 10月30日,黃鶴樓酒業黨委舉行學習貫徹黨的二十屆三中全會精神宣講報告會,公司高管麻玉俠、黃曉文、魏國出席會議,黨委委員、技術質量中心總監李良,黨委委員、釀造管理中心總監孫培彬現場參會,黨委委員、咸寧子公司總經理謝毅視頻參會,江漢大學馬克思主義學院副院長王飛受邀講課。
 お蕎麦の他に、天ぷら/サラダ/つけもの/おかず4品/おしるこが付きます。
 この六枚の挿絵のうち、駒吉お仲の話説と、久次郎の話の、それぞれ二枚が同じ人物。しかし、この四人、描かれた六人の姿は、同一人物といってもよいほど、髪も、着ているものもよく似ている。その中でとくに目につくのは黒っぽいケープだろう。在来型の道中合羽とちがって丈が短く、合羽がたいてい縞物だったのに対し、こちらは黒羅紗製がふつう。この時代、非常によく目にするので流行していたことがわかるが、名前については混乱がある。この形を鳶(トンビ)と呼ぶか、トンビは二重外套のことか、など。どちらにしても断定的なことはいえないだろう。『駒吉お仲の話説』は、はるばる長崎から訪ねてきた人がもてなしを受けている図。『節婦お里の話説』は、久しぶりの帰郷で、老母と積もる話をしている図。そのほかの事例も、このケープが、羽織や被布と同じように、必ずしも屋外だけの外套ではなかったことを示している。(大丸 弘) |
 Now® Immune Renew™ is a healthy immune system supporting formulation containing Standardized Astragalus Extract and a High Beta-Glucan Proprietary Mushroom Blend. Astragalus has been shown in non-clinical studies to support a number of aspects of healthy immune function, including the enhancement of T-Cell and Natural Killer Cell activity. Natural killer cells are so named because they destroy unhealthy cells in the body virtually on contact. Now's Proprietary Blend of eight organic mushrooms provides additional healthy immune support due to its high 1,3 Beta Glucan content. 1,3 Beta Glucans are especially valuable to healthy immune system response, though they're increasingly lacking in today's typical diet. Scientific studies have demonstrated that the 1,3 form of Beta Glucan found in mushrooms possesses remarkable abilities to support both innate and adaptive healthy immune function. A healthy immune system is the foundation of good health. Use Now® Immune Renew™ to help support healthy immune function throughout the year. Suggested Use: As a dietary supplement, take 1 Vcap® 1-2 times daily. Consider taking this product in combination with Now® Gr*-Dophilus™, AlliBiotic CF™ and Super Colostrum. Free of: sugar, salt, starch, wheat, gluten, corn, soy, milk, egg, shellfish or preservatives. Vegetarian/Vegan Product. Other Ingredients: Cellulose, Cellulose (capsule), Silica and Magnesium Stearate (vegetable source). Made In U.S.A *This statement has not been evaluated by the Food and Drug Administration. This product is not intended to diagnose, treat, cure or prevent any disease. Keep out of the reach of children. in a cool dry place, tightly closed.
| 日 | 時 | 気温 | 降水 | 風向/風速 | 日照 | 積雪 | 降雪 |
* * * *
**GOAL OF THE EXERCISE**
Each record above is to be printed again exactly as written.

**ANSWER FOR THIS EXERCISE**
 10月30日,黃鶴樓酒業黨委舉行學習貫徹黨的二十屆三中全會精神宣講報告會,公司高管麻玉俠、黃曉文、魏國出席會議,黨委委員、技術質量中心總監李良,黨委委員、釀造管理中心總監孫培彬現場參會,黨委委員、咸寧子公司總經理謝毅視頻參會,江漢大學馬克思主義學院副院長王飛受邀講課。
 お蕎麦の他に、天ぷら/サラダ/つけもの/おかず4品/おしるこが付きます。
 この六枚の挿絵のうち、駒吉お仲の話説と、久次郎の話の、それぞれ二枚が同じ人物。しかし、この四人、描かれた六人の姿は、同一人物といってもよいほど、髪も、着ているものもよく似ている。その中でとくに目につくのは黒っぽいケープだろう。在来型の道中合羽とちがって丈が短く、合羽がたいてい縞物だったのに対し、こちらは黒羅紗製がふつう。この時代、非常によく目にするので流行していたことがわかるが、名前については混乱がある。この形を鳶(トンビ)と呼ぶか、トンビは二重外套のことか、など。どちらにしても断定的なことはいえないだろう。『駒吉お仲の話説』は、はるばる長崎から訪ねてきた人がもてなしを受けている図。『節婦お里の話説』は、久しぶりの帰郷で、老母と積もる話をしている図。そのほかの事例も、このケープが、羽織や被布と同じように、必ずしも屋外だけの外套ではなかったことを示している。(大丸 弘) |
 Now® Immune Renew™ is a healthy immune system supporting formulation containing Standardized Astragalus Extract and a High Beta-Glucan Proprietary Mushroom Blend. Astragalus has been shown in non-clinical studies to support a number of aspects of healthy immune function, including the enhancement of T-Cell and Natural Killer Cell activity. Natural killer cells are so named because they destroy unhealthy cells in the body virtually on contact. Now's Proprietary Blend of eight organic mushrooms provides additional healthy immune support due to its high 1,3 Beta Glucan content. 1,3 Beta Glucans are especially valuable to healthy immune system response, though they're increasingly lacking in today's typical diet. Scientific studies have demonstrated that the 1,3 form of Beta Glucan found in mushrooms possesses remarkable abilities to support both innate and adaptive healthy immune function. A healthy immune system is the foundation of good health. Use Now® Immune Renew™ to help support healthy immune function throughout the year. Suggested Use: As a dietary supplement, take 1 Vcap® 1-2 times daily. Consider taking this product in combination with Now® Gr*-Dophilus™, AlliBiotic CF™ and Super Colostrum. Free of: sugar, salt, starch, wheat, gluten, corn, soy, milk, egg, shellfish or preservatives. Vegetarian/Vegan Product. Other Ingredients: Cellulose, Cellulose (capsule), Silica and Magnesium Stearate (vegetable source). Made In U.S.A *This statement has not been evaluated by the Food and Drug Administration. This product is not intended to diagnose, treat, cure or prevent any disease. Keep out of the reach of children. in a cool dry place, tightly closed.
| 日 | 時 | 気温 | 降水 | 風向/風速 | 日照 | 積雪 | 降雪 |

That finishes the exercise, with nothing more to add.